Dos aspectos del montaje limitaron los hallazgos de su planteamiento ideológico. En primer lugar, los personajes exhiben una excesiva inmadurez para su edad: hacen berrinche por cualquier cosa, toman decisiones irreflexivas y no se comportan a la altura de una situación crítica. Estas conductas no generan empatía de modo que uno termina distanciándose de sus conflictos.
En segundo lugar, el espectáculo arrastra un problema desde el libreto: los personajes no expresan claridad en sus objetivos dramáticos. En algunos momentos se esfuerzan por encontrar a Kevin, pero luego se sientan a esperar su regreso, como si fuera a aparecer por obra y gracia de la providencia.

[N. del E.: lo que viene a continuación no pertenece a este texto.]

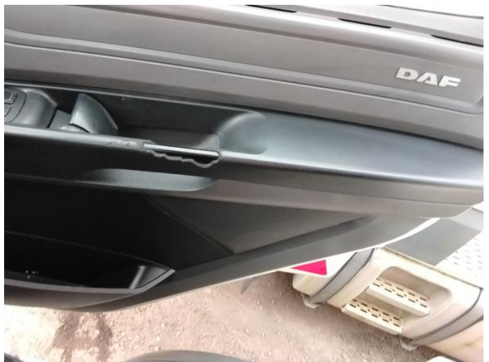
14: Door Pad osf Broken Replace

Esta flaqueza de propósitos hace que la narración no avance de manera decidida en ninguna de las dos direcciones.
En el plano formal, la puesta logró recrear atmósferas amenazantes con una adecuada combinación de luces y humo. Al contrario, la banda sonora no estuvo a la altura de la plástica escénica. Un vasto popurrí de canciones y pasajes de música incidental generaron imágenes auditivas sin carácter definido. La ecualización irregular de estos materiales también dio al traste con esta importante capa.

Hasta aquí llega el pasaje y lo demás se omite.